Meta AI recently announced that it will soon release an entirely new data set for green hydrogen fuel ML modeling and simulation, focused on oxide catalysts for the oxygen evolution reaction (OER), a critical chemical reaction used in green hydrogen fuel production via wind and solar energy.
Meta AI and the Carnegie Mellon University (CMU) department of chemical engineering are collaborating to expedite green-energy catalyst discovery under the Open Catalyst Project. This is part of the effort in using machine learning to find catalysts in transforming renewable resources like solar and wind into other fuels such as hydrogen for clean energy usage and storage. They are working on collecting simulation results from density functional theory (DFT) from different materials and replacing DFTs with ML models for faster and better results. They open-sourced OC20 (October 2020), one of the world's largest training data sets for renewable energy storage for the first time. This dataset consists of 1,281,040 DFTs, with a wide range of materials, surfaces, and adsorbates as important features.
OER is one of the most important chemical reactions in hydrogen generation. It is used in many renewable energies like solar, wind and rechargeable metal-air batteries in electric cars. There is a limitation on the availability and the cost of metal oxides like ruthenium and iridium oxides as part of the usual process. This put high effort in finding low-cost catalysts for OER to make the process fast and economical.

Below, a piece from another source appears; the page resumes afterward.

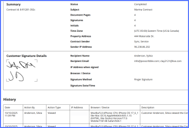 Every contract created automatically generates a summary document that includes key security details such as the contract ID, sender and signer information, and a complete history of all contract activity.

The Meta AI blog mentioned this coming data set in their recent published post entitled Accelerating renewable energy with new data set for green hydrogen fuel:
The OER data set contains ~8M data points from 40K unique simulations. We believe it’s the largest data set for oxide catalysis to date, spanning a swath of oxide materials across 52 elements. It includes interactions between the surfaces of the oxide materials and five important molecules (O, OH, H2O, OOH, and O2) involved in OER, in addition to surface interactions with CO, H, C, and N. It also explores interactions on the surface when crystal defects and multiple molecules are present. The data set and baseline models will be open-sourced in the coming months to help the global scientific community advance renewable energy technologies.
Millions of compute hours are required to generate this data set. As part of Meta’s Net Zero program, Meta AI mentioned that the carbon emissions from computation used to build the data set would be 100 percent offset.
To foster and attract machine-learning engineers and researchers in this area, Meta AI and CMU organized a competition for the best ML models for catalyst selection problem last June. Meta AI selected the winners during the NeuralPS-2021 conference last December. They hope these efforts will accelerate better solutions for the green-energy catalyst discovery problem.